CALTEX V. INTEREDIATE APPELLATE COURT and ASIA PACIFC


G.R. No. 72703, November 13, 1992

FACTS:

On January 12, 1975, Asia Pacific entered into an agreement with


Caltex whereby petitioner agreed to supply private respondent’s aviation fuel
for 2 years. As of June 30, 1980, asia Pacific had an outstanding obligation
n the total amount of P 4,072,682.13. Caltex executed a Ded of Assignment
wherein it assigned to petitioner its receivables from the National treasury of
the Philippines. Pursuant to the Deed of assignment, National Treasury
warrant the amount of P5,475,294 representing the refund.
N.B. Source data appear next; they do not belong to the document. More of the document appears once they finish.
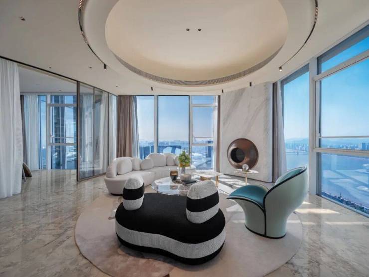 “全方位观景+全顶配奢装”的设计,让潮鸿既可以作为彰显成就的终极居所,也能成为商务会客的企业会所,满足塔尖客群的多元需求。
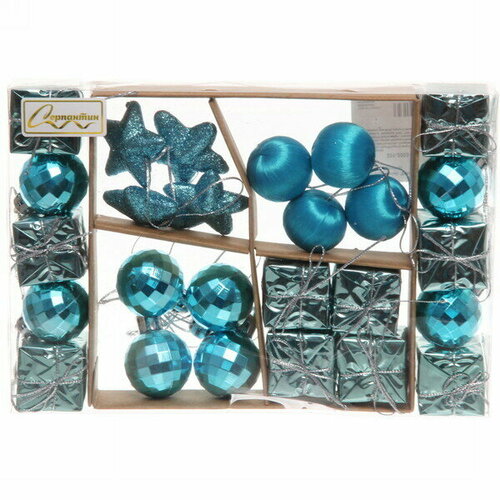 Набор ёлочное украшений "Морозный синий" 9 кристаллических мини игрушек
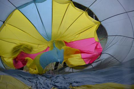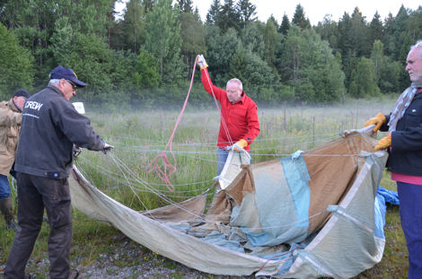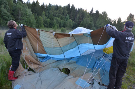 ... snart hade luften verkligen gått ur ballonghöljet. Lika fascinerande varje gång att det stora luftfyllda ballonghöljet kan gå att få så litet igen efter flygningarna att det går att få tillbaka det i säcken på nytt.
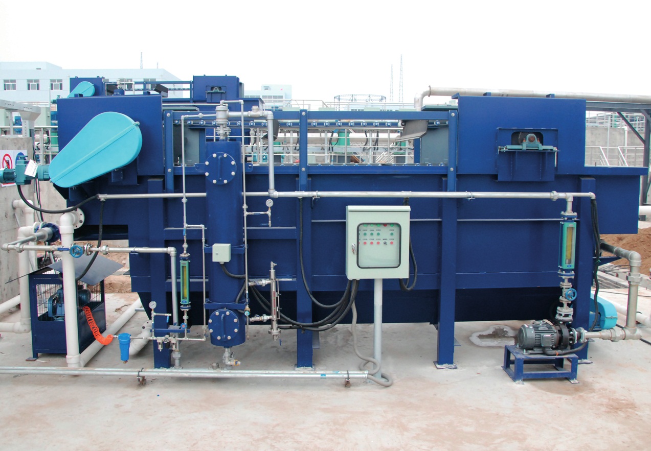 溶氣氣浮分離裝置有效運行于廣泛的工業(yè)及市政項目中,可以去除水中的懸浮物 、膠體物質(zhì)、油類等,也可作為最終的澄清器提供更高效的處理。在工業(yè)污水處理中,可以用于從工藝水中回收原材料:例如纖維材料,輕質(zhì)化學(xué)絮體,有機廢物,輕質(zhì)微小的固體,脂肪,油脂和油等材料,易于回收。
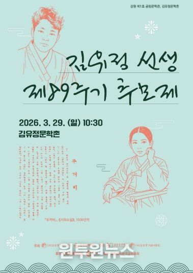 (원투원뉴스) 한국 근대문학을 대표하는 춘천 출신 소설가 김유정 선생의 문학정신을 기리고 계승하기 위한 추모 행사가 열린다.

Caltex refused
to return the excess amount of P510,550.63 because it represented the
interest and service charges and the rate of 18% per annum on the unpaid
and overdue account of respondent. RTC dismissed the case. IAC reversed
the decision and ordered petitioner to return the amount of P510,550.63 to
private respondent.

ISSUE:
Whether or not the Deed of Assignment entered into by the parties
constituted dacion en pago, such that the obligation is totally extinguished,
hence, no interest and service charges could anymore be imposed

RULING:

The Deed of Assignment executed by the parties is not a dation in


payment in payment and did not totally extinguish respondent’s obligation. It
is clear that in this case, dation in payment does not necessarily mean total
extinguishment of the obligation. The obligation is totally extinguished only
when the parties, by agreement, express or implied, or by their silence,
consider the thing a equivalent to the obligation.
Decision of Intermediate Appellate Court is set aside.